Our February report featured an interactive map locating 290 dumpsters in New Orleans between Oct. 2013 and Jan. 2014.

The City of New Orleans may overhaul the way it permits dumpsters. That move follows a FOX 8 investigation from earlier this year that showed City Hall could be missing out on millions of dollars.

Back in February, when we asked residents how many dumpsters they thought sit outside homes in New Orleans, one responded, "What, like the big ones? At least [one] on every street."

However, according to city records, just 104 homes and businesses had dumpsters last year.

"Some people follow the law and some don't," acknowledged Cedric Grant, the deputy mayor of facilities, infrastructure and community development in a February interview.

City law requires a fee for each dumpster, which means the city is losing lots of money. Anyone putting a dumpster at their house must pay a $40 application fee and $20 per day for dumpsters in the public right of way. Last year, for the 104 dumpsters, the city collected just $42,000 in fees.

In early January, we spent two days driving around the city. We searched mainly the Lower 9th Ward, Uptown and Lakeview, but still found 211 dumpsters.

That same week, city records show only 13 dumpsters were permitted - and only one of those was on our list of 211.

"It's one of those things needs more enforcement," Grant told us. "If we receive a complaint we send one of our inspectors out and deal with it. But I would say, in the realm of things that we have to do, that it's probably not as high a priority as it should be."

Since that interview, the city has been doing its own investigation. Friday, Sept. 19, officials from Mayor Mitch Landrieu's administration presented their findings to the City Council, acknowledging that not many people are complying with the law.

"We need to come up with a balance to make the fee rational," said Councilwoman Stacy Head, "so that we can in fact enforce it."

The council will likely vote on the Landrieu administration's recommendations to overhaul the system. On Friday, administration officials told the council they'd like to drop that daily fee from $20 to $10, and hire employees specifically for enforcement.

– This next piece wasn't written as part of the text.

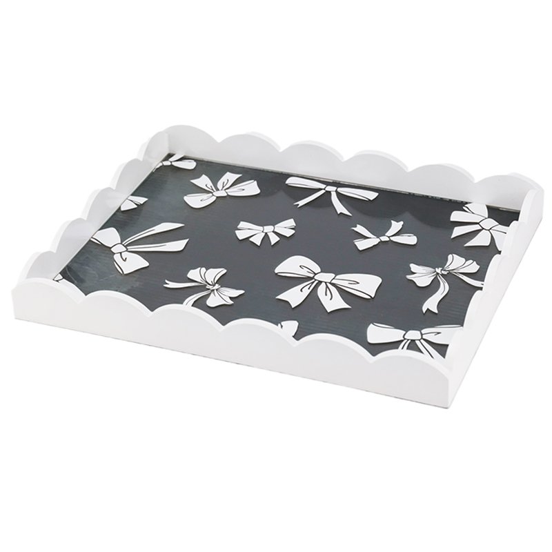 large-sized Bow-Patterned Black & White Decorative Tray with Scalloped Edge, Stylish Organizer Tray for Home, Vanity & Coffee Table Tray

Head seemed to agree. "I firmly believe that [we] have, in this balance, a $10-per-day encouragement to move quickly," she said, "discouragement from taking more space than you need, and also paying the city back for the enforcement that we need to do is a logical way to be make sure that society is able to be stable."

The city thinks an overhaul will allow them to collect more money. By our calculations back in February, full compliance could equal millions of dollars for a cash-strapped city.

The council says it could vote on an overhaul to the way it permits dumpsters in the beginning of next year.

We asked the Landrieu administration for an interview for this story; they never responded to our request.